Felcman moved on to the money Bart was able to take with him and use to escape to Cerralvo, Mexico. “Ten thousand dollars from your father’s home. He said that you took it. He was right, correct?”

“Yes, I did.”

“Where was that money at?”

“It was taped behind a drawer.”

“Why couldn’t you just have left? Why did you have to take the man’s money, too, after killing his wife and son? Why couldn’t you have just left?”

“I didn’t have any money of my own.”

“You had eighty thousand dollars, according to the trust fund.”

“I didn’t know I could access that.”

“Everybody said you can access it,” Felcman reminded the defendant.

“I know that’s what they say. I didn’t know I could access it. I would have wanted it, if I could have.”

“Marshall Slot is able to track you down to the Lancaster Hotel. You had to spend four hundred dollars [on a hotel room] before you left. Tell the jury why?”

“I got really drunk and I wanted a last night out.”

“One last time after killing your mother and brother, huh?”

“One last time in America was what I was thinking.”

Felcman spun around and cornered the defendant. “Do you remember your attorney Dan Cogdell saying you ran away in fear?”

Bart nodded his head in his version of shame.

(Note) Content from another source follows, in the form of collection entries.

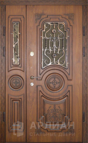 Утепленная входная дверь для коттеджа с кованными элементами №28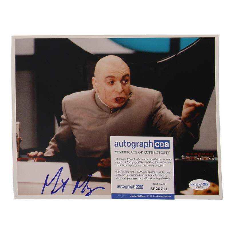 Photo measures 8" x 10" in size and has been hand-signed by Mike Myers.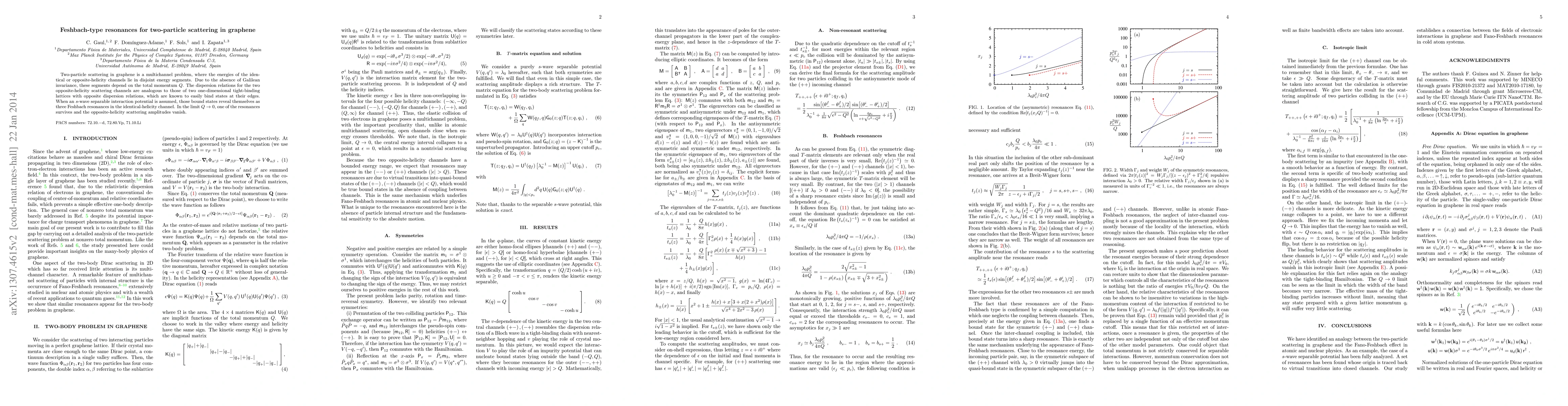 Two-particle scattering in graphene is a multichannel problem, where the energies of the identical or opposite-helicity channels lie in disjoint energy segments. Due to the absence of Galilean invariance, these segments depend on the total momentum $Q$. The dispersion relations for the two opposite-helicity scattering channels are analogous to those of two one-dimensional tight-binding lattices with opposite dispersion relations, which are known to easily bind states at their edges. When an $s$-wave separable interaction potential is assumed, those bound states reveal themselves as three Feshbach resonances in the identical-helicity channel. In the limit $Q \rightarrow 0$, one of the resonances survives and the opposite-helicity scattering amplitudes vanish.
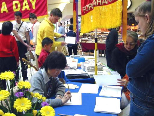 还有不少人在和学员交谈后,对法轮大法的法理、功法很感兴趣,决定开始尝试。很多人明白了在中国江泽民集团对法轮功的残酷迫害后,主动签名支持我们,对他们的善良正义之举我们表示感谢。

“You weren’t running in fear,” Felcman declared. “You actually had it planned for a while to spend a night at a nice hotel. You had it all planned. Then you skedaddled to Mexico, right?”

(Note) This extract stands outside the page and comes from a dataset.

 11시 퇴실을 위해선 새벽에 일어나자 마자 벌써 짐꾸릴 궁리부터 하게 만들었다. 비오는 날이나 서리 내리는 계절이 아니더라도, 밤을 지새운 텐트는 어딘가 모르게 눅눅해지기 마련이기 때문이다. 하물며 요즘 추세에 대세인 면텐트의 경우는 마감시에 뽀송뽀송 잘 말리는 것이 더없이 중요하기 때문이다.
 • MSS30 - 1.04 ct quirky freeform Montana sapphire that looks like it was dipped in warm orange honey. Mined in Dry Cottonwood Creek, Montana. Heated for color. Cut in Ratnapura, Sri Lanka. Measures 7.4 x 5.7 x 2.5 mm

“Something I came up with that night, actually.” Bart again downplayed his planning skills.

Fred Felcman was just about finished with Bart Whitaker. “Is there any way you want to change your plea to guilty from not guilty now?”

“If I could go back and do this over, I would have insisted on that, yes,” Bart admitted.

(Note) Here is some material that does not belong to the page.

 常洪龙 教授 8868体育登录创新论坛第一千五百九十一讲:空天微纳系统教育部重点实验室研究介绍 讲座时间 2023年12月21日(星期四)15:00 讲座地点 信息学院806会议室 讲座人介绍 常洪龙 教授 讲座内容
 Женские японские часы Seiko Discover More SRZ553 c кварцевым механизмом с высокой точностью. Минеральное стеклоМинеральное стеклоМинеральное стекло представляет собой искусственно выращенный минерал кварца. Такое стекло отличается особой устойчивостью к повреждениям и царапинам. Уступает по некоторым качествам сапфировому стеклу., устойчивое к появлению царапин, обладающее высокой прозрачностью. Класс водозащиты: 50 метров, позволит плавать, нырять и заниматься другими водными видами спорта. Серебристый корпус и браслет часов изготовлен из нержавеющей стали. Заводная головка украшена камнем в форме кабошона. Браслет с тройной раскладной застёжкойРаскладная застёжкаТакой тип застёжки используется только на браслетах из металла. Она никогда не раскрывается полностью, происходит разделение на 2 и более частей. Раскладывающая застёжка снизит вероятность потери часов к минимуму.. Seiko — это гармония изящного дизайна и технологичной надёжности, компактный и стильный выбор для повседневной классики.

Felcman, however, was not ready to stop painting Bart in the most negative light possible. “Why did you put ‘K. Soze’ on the letter,” he asked in regard to the letter Bart mailed to Adam Hipp, along with bribe money.

“It was something that me and Adam had joked about in the past, that we both enjoyed that movie
The Usual Suspects
.”

“You’re sending him bribe money to cover up you killing your brother and mother, and you have time to write something you think is a joke?”